Dans une université privée du Minnesota appartenant à l’Église méthodiste, une enseignante a été licenciée par l’administration de son établissement en-dehors de toute procédure collégiale, pour avoir montré en cours d’histoire de l’art islamique la reproduction d’un manuscrit dont les codes graphiques déplaisent à certains fondamentalistes. Nous vous invitons à prendre connaissance de l’excellent texte écrit par ses collègues titulaires de l’université publique du Minnesota, rappelant ce qu’est et ce que n’est pas la liberté académique.[1]
« En renvoyant le Dr López Prater de son corps enseignant, la direction de l’université Hamline a ouvertement pris position contre l’antique tradition de prérogative pédagogique de l’enseignement supérieur, et compromet la liberté des universitaires à prendre des décisions personnelles dans la transmission des connaissances relevant de leur domaine d’expertise (décisions factuelles, théoriques, interprétatives, rédactionnelles). Cette prérogative est désignée par le terme de « liberté académique » et constitue un privilège extraordinaire.

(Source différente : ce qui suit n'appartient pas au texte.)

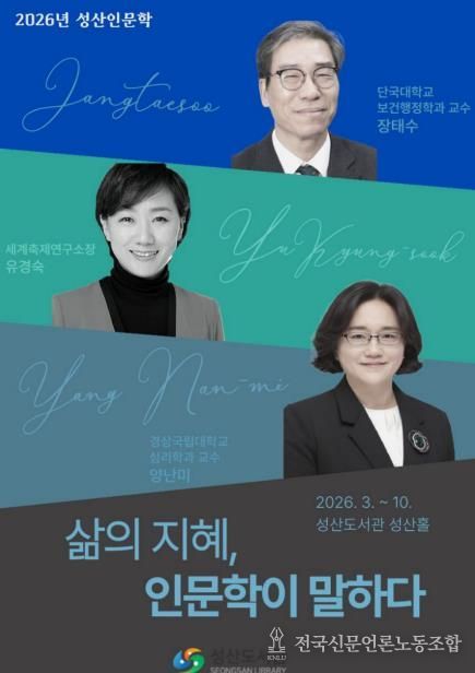 전국신문언론노동조합 강찬희 기자 | 창원특례시 성산도서관은 시민의 인문 정신 함양과 지역의 인문 진흥을 위해 '삶의 지혜, 인문학이 말하다'라는 주제로 2026년 성산인문학을 운영한다.
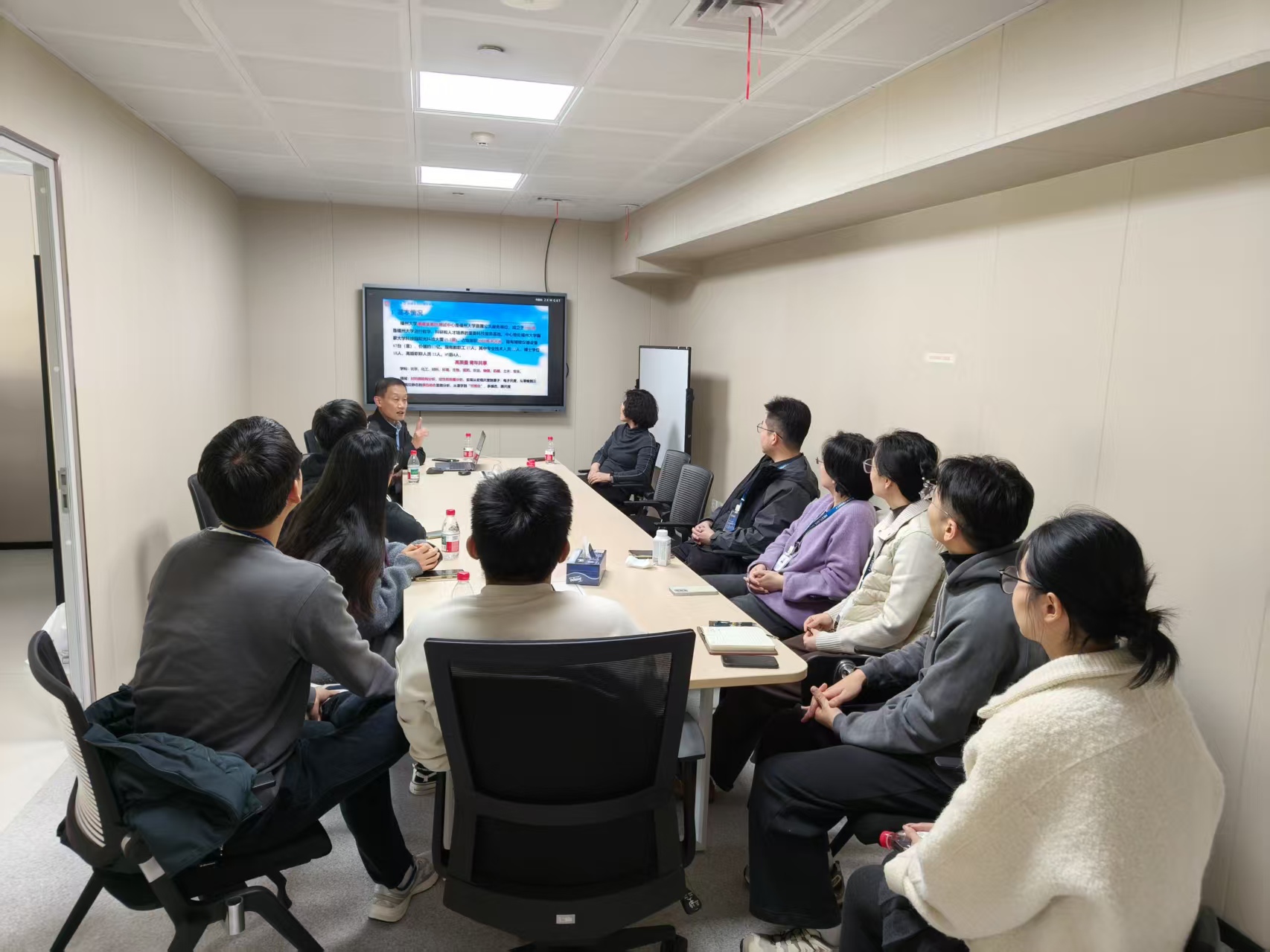 会后研讨:会后,平台主任周桃飞博士带领陈教授、谢老师参观并介绍了物质平台目前的建设成果,随后又与平台工作人员齐聚E10-182研讨室。陈教授以“完善系统,融创赋能,新质发展——福州大学福建省高校测试中心建设思考 ”为题,系统介绍了中心近年来的建设成效:通过贴息贷款投入1.04亿元更新TEM、SEM、XPS等高端仪器,显著提升微观检测与化学分析能力;同时通过管理系统升级,实现业财对接、仪器预约与数据存储的精准化管理,有效支撑学校科研创新与地方服务,同时也介绍了福州大学福建省高校测试中心数十年来的发展历程,分享了平台建设的宝贵经验。本次研讨为我校科研平台优化管理、提升服务效能提供了宝贵经验,助力高水平科研支撑体系建设。

En tant que membres du corps universitaire, nous chérissons ce privilège, que nous jugeons nécessaire à notre entreprise scientifique et qui procède de notre poursuite de l’enquête scientifique, de la connaissance et de la juste compréhension. Nous prenons au sérieux la responsabilité qui va de pair avec ce privilège, en l’exerçant dans le cadre du contrat social de la salle de classe à l’Université et en nous efforçant de développer la capacité de réaction et de contradiction des membres de la communauté pédagogique. La liberté académique est un privilège qui nous semble aujourd’hui menacé ; sa fragilité est aggravée par la précarisation du travail académique via le paiement à la tâche de contractuels sous-payés, et par la mise au pas de l’expertise dans le seul but de rapporter davantage d’argent. »
Cette responsabilité sociale dont parlent très justement nos collègues du Minnesota conduit un nombre important de nos pairs travaillant sur les questions environnementales à se solidariser publiquement de groupes militants écologistes. L’une d’elle, Rose Abramoff, a révélé il y a trois semaines avoir été mise à pied et être sous le coup d’une procédure de licenciement qu’elle impute à son soutien à des groupes de désobéissance civile écologiste.[2]
La question de savoir si l’on adhère aux modes d’action de tel ou tel de ces groupes ne nous semble rien avoir à faire dans cette discussion : à l’heure où les universités ne sont obsédées que par le « transfert vers la sphère décisionnelle » et font assaut de greenwashing, cette collègue fait l’objet de poursuites disciplinaires pour avoir exprimé publiquement les conséquences politiques qu’elle pense pouvoir tirer de ses recherches. On appréciera le contraste entre les rétorsions de son employeur et les valeurs affichées sur la page d’accueil de celui-ci, modestement intitulée « Solving Big Problems ».
Hypocrisie communicante mise à part, il nous semble nécessaire de rappeler qu’on ne peut pas refuser à une collègue de se prévaloir de la liberté académique au prétexte qu’elle parlerait en citoyenne, et dans la foulée lancer contre elle une procédure académique disciplinaire. Or c’est pourtant ce qui se passe ici. Nous assurons Rose Abramoff de notre soutien.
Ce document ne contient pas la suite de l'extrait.